声音从云雾深处传来,悠远、苍凉,像是从另一个世界穿越而来。林清让睁开眼,发现自己躺在一间禅房里,身下是硬木板床,身上盖着一床洗得发白的粗布棉被。
他挣扎着坐起来,浑身上下每一块骨头都在疼。记忆如潮水般涌来:深渡镇、进山、沈月如、追兵、逃亡……
“清让,你醒了。”
周氏的声音在门口响起。她端着一碗热粥进来,脸上带着疲惫,但眼神里有了些许安定的光芒。
“母亲……”林清让开口,声音嘶哑得厉害,“我们在哪?”
“云谷寺。”周氏在床边坐下,把粥碗递给他,“你昏睡了一整天。慧明大师说你体力透支,心神俱伤,需要静养。”
云谷寺。他们真的到了。
林清让接过粥碗,是简单的白粥,但热气腾腾,米香扑鼻。他喝了一口,温热的粥滑过喉咙,带来久违的舒适感。
“妹妹们呢?福伯呢?林安呢?”
“都在隔壁禅房休息,都安好。”周氏说,“清琅有点受惊,昨晚做噩梦,慧明大师亲自为她念经,现在已经安稳了。”
林清让松了口气,但随即想起沈月如,心又揪紧了。
“母亲,沈姑娘她……”
周氏沉默片刻,轻轻握住儿子的手:“清让,有些事……我们尽力了。沈姑娘是个好孩子,她的选择,是她的勇气。但活着的人,还要继续走下去。”
林清让低下头,眼泪滴进粥碗里。
“我答应过她……要为她报仇……”
“我知道。”周氏的声音很温柔,“但报仇之前,你得先活下来,得先有报仇的能力。现在,先养好身体。”
喝完粥,林清让感觉有了些力气。他下床走到窗前,推开窗扉。
窗外是一片云海。
云谷寺建在黄山半山腰的一处平台上,三面环崖,一面是万丈深渊。此刻正是日出时分,云海翻涌,金色的阳光从云层缝隙中透出,将云海染成绚烂的橙红色。远处,天都峰、莲花峰在云海中若隐若现,如同仙境。
“好壮观的景色。”林清让喃喃道。
“是啊。”一个苍老的声音在身后响起,“老衲在此修行三十年,每天看这云海,却从没有看腻过。”
林清让转身,看见一个老僧站在门口。
老僧约莫七十岁,须眉皆白,面容清癯,穿着一身洗得发白的灰色僧袍,手里挂着一根竹杖。但他的眼睛——那是一双异常清澈的眼睛,仿佛能看透人心。
“这位就是慧明大师。”周氏介绍说。
林清让连忙躬身行礼:“晚辈林清让,拜见大师。”
慧明大师摆摆手:“不必多礼。你祖母可好?”
“祖母四年前已经仙逝。”
慧明大师眼中闪过一丝哀伤,随即合十:“阿弥陀佛。故人又少一个。”
他走进禅房,在蒲团上坐下,示意林清让也坐:“你祖母的信,老衲看过了。你们林家的事,老衲也听说了。把经过详细说给老衲听听。”
林清让深吸一口气,从月园失火开始,到刘世昌假账、冯三要追杀、沈月如牺牲,一五一十地说了出来。说到沈月如时,他声音哽咽,几乎说不下去。
慧明大师静静听着,没有打断,手中的念珠缓缓转动。
等林清让说完,慧明大师沉默良久,才开口道:“冯三要……这个名字,老衲有印象。”
“大师认识他?”
“十年前,老衲还在江宁布政使任上时,曾审理过一桩案子。”慧明大师缓缓说道,“当时有个姓冯的县丞,贪赃枉法,草菅人命。老衲秉公处理,将他革职查办。没想到十年后,他不仅东山再起,还官至盐课司大使,真是世事难料。
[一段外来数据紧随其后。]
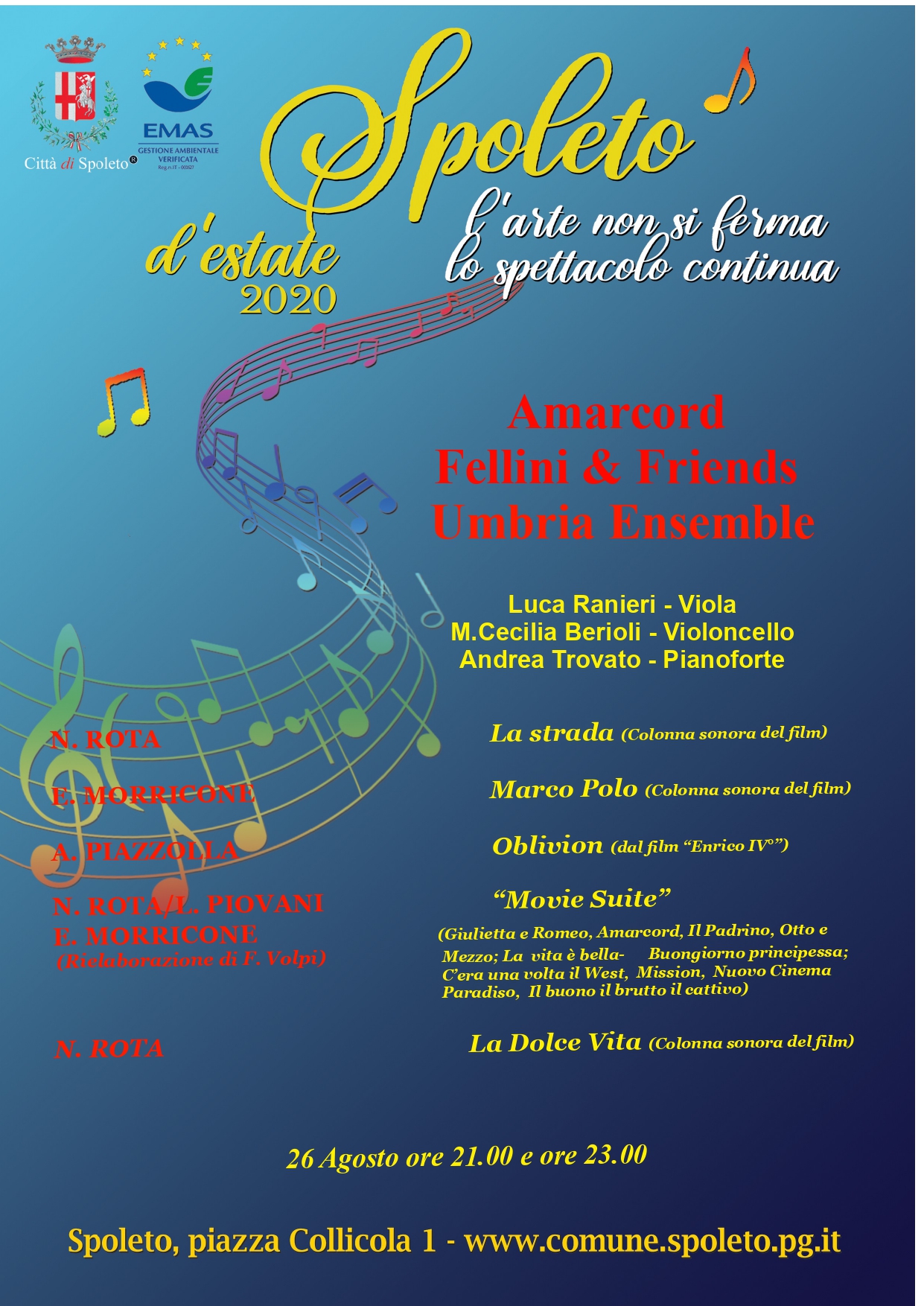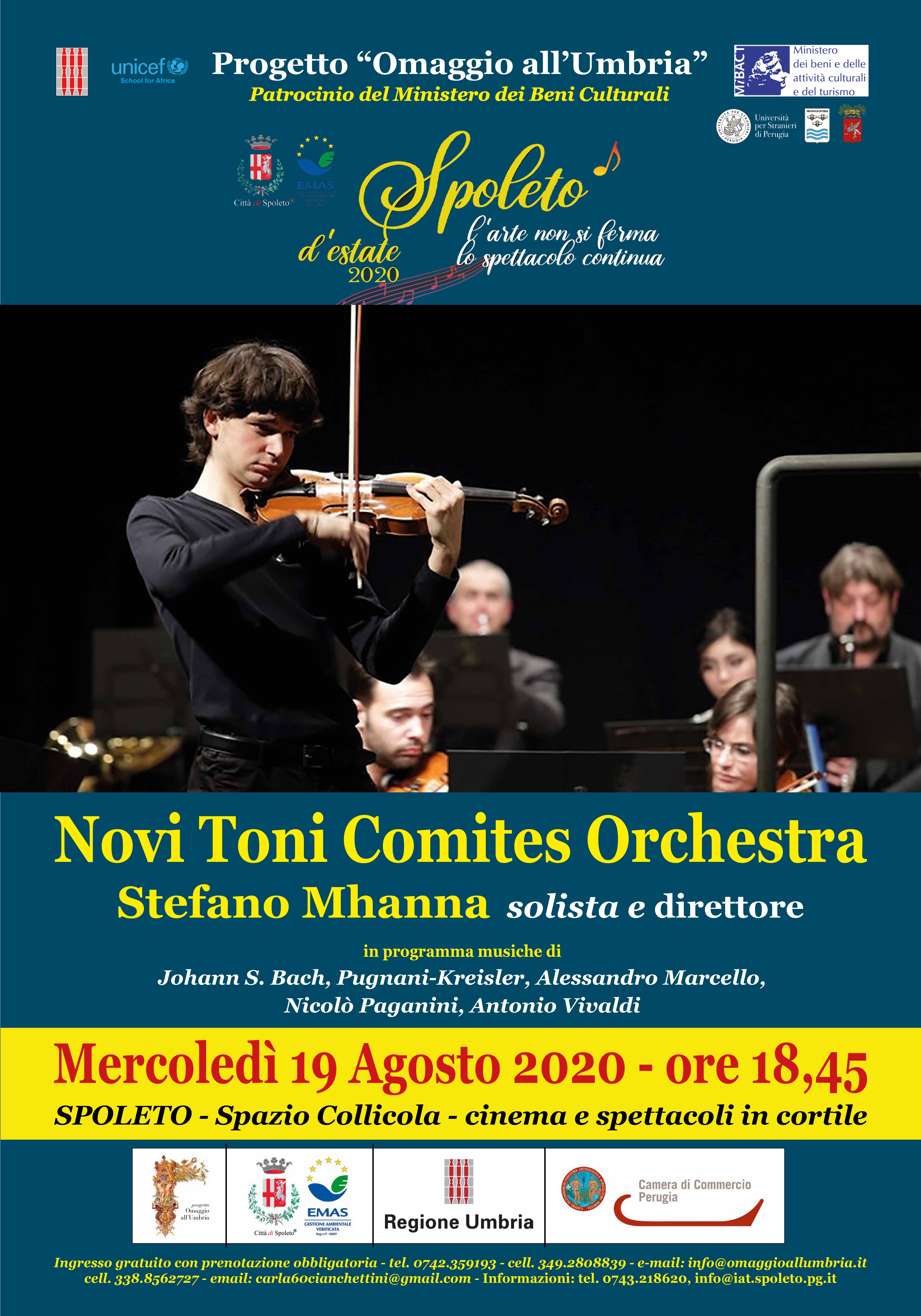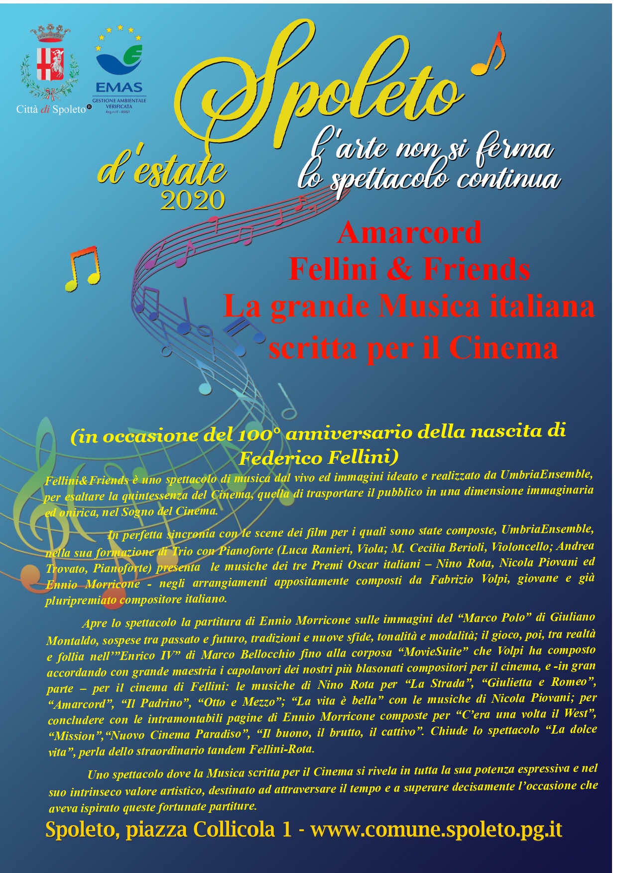 Il Comune di Spoleto, che ha abbracciato le iniziative inserite nel programma proposto dal progetto Omaggio all’Umbria alla Regione, offre all’organizzazione del concerto il Teatro Gian Carlo Menotti inteso nella sua semplice realtà materiale come location .
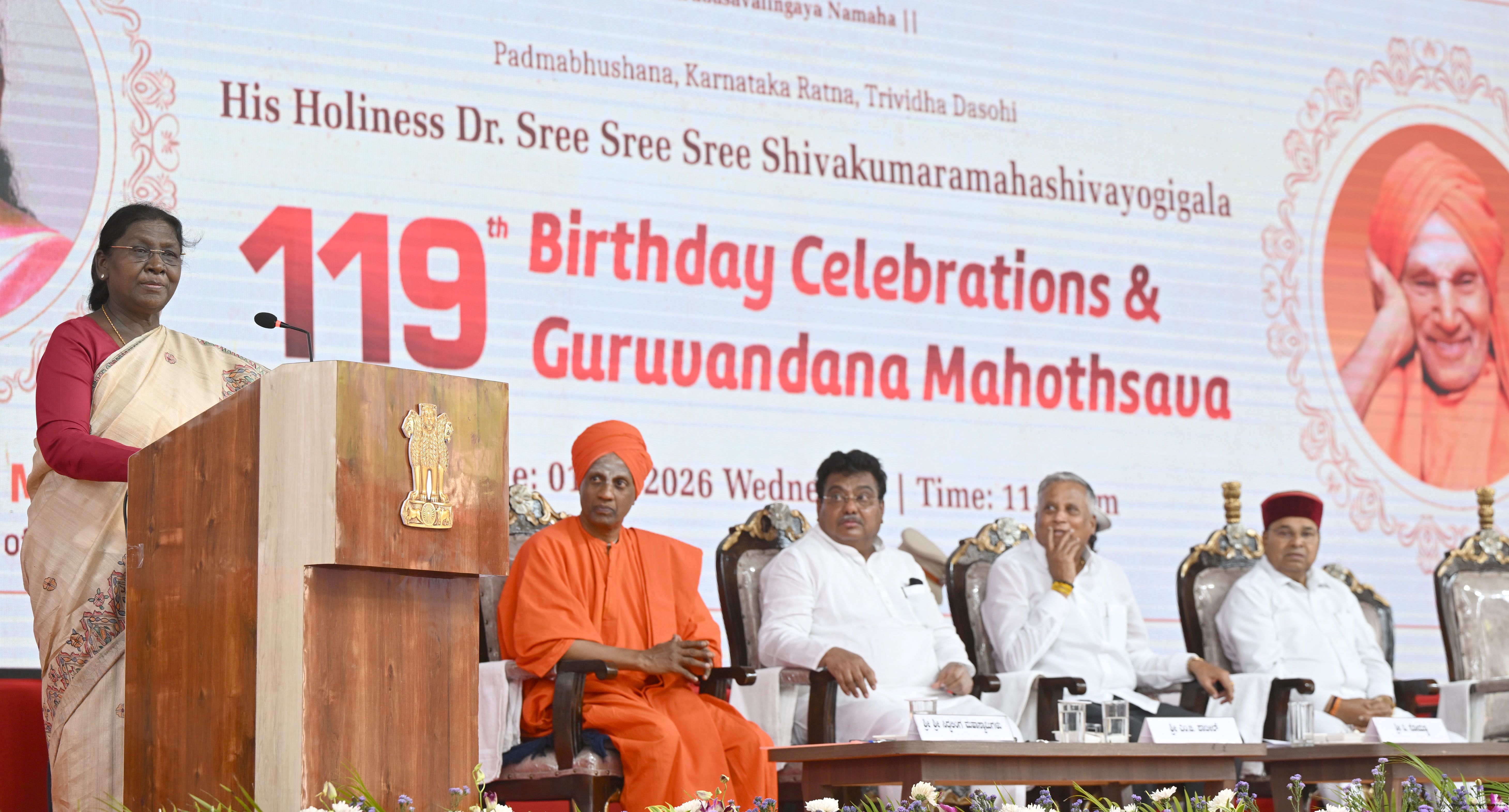 The President of India, Smt Droupadi Murmu graced the 119th birthday celebrations and Guruvandana mahotsava of Dr Sree Sree Sivakumara Mahaswamiji at Sree Siddaganga Math, Tumakuru, Karnataka on April 1, 2026.
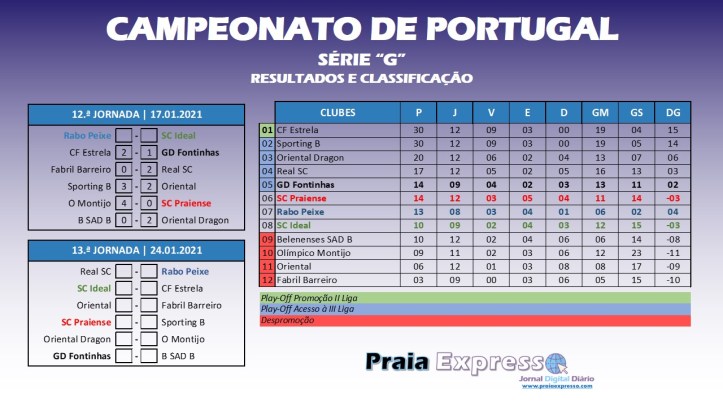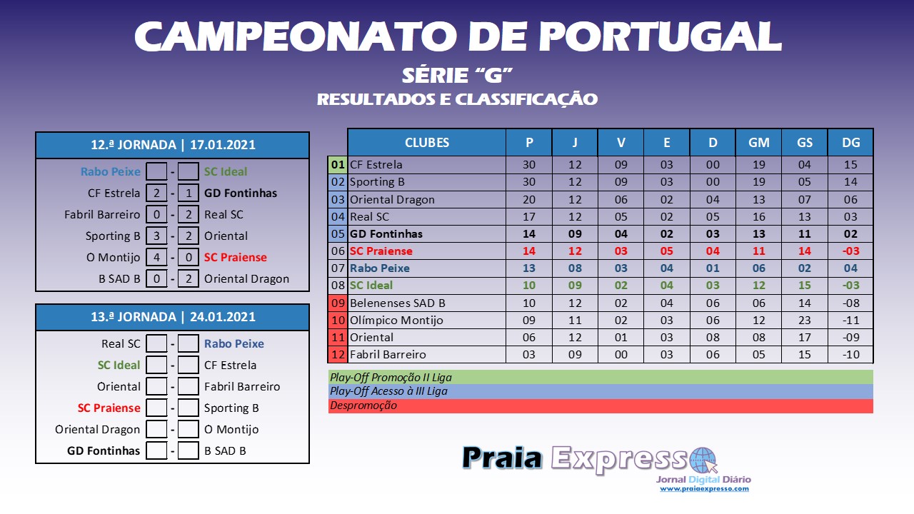 Resultados da 12ª jornada do Campeonato de Portugal, série “G”, disputada este fim de semana bem como tabela classificativa após a mesma e quadro dos jogos agendados para a próxima ronda.
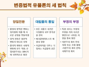 변증법은 사람의 눈에 보이는 모든 것은 “서로 연관되어 있고 변화한다”고 본다. ‘양질전화의 법칙’, ‘대립물의 통일과 투쟁의 법칙’, ‘부정의 부정의 법칙’을 변증법의 3대 법칙이라고 한다. 어떤 색깔의 안경을 끼고 세상을 보느냐에 따라 세상은 다른 색으로 보인다. 철학도 그렇다. 정신이 먼저라고 보는 관념론으로 보면 신이나 영혼을 믿는 사람도 있지만, 물질이 먼저라는 유물론으로 보면 세상은 자신의 뇌의 감각으로 인지되어 사물이 보인다고 생각한다.
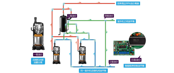 精細油控制技術把分油效率提升到99%,并實現自動回油,保證壓縮機油量供應,運轉更穩定。

”
林清让心中一动:“大师,您说的那个冯县丞,可是左手缺一根小指?”
“正是。你怎知?”
“沈姑娘的账册里提到,冯三要年轻时因为赌债被人砍了一根手指。”
慧明大师点点头:“看来是同一个人了。此人品行不端,当年老衲就该斩草除根,可惜一念之仁,放了他一条生路,如今酿成大祸。”
他顿了顿,又问:“你说的那本账册,现在何处?”
林清让从怀里掏出账册——这是沈月如给他的那本,他一直贴身收藏。
慧明大师接过账册,一页一页仔细翻看。越往后翻,他的脸色越凝重。翻到最后一页时,他的手微微颤抖起来。
“这……这是……”
“大师,怎么了?”
慧明大师指着最后一页的一个名字:“李翰章……徽州知府李翰章,竟然也牵涉其中!”
“大师认识李知府?”
“何止认识。”慧明大师苦笑,“他是老衲的门生。”
林清让震惊:“什么?!”
“二十年前,老衲任安徽学政时,李翰章还是个穷书生。老衲看他聪慧,资助他读书,后来他中了进士,一路升迁,做到徽州知府。”慧明大师叹息,“没想到,他竟然堕落至此。”
他继续翻看账册,脸色越来越难看:“不止李翰章,还有巡抚衙门的师爷、按察使司的官员、甚至……还有京城里的人物。”
“京城?”
慧明大师指着账册中间的一页:“你看这里——‘光绪二十五年腊月,送京中某大人年礼,白银五千两,字画两幅,玉器一套’。虽然没有指名道姓,但能收这么重的礼,必然是朝中重臣。”
林清让倒吸一口凉气。他原以为只是徽州地方官员贪腐,没想到竟然牵涉到京城!
“大师,那我们现在该怎么办?”
慧明大师合上账册,沉思良久:“这本账册是铁证,但光有证据不够。冯三要、李翰章在地方盘根错节,京城还有靠山。要想扳倒他们,必须有更强大的力量。”
“什么力量?”
“皇权。”慧明大师缓缓吐出两个字。
林清让愕然:“皇权?难道要告御状?”
“寻常的告御状没用。”慧明大师摇头,“如今朝政被太后把持,官员们结党营私,一份账册递上去,可能还没到皇上面前,就被压下来了。”
“那……”
“需要有人,把这本账册直接送到皇上面前。”慧明大师眼中闪过精光,“而且,要选对时机。”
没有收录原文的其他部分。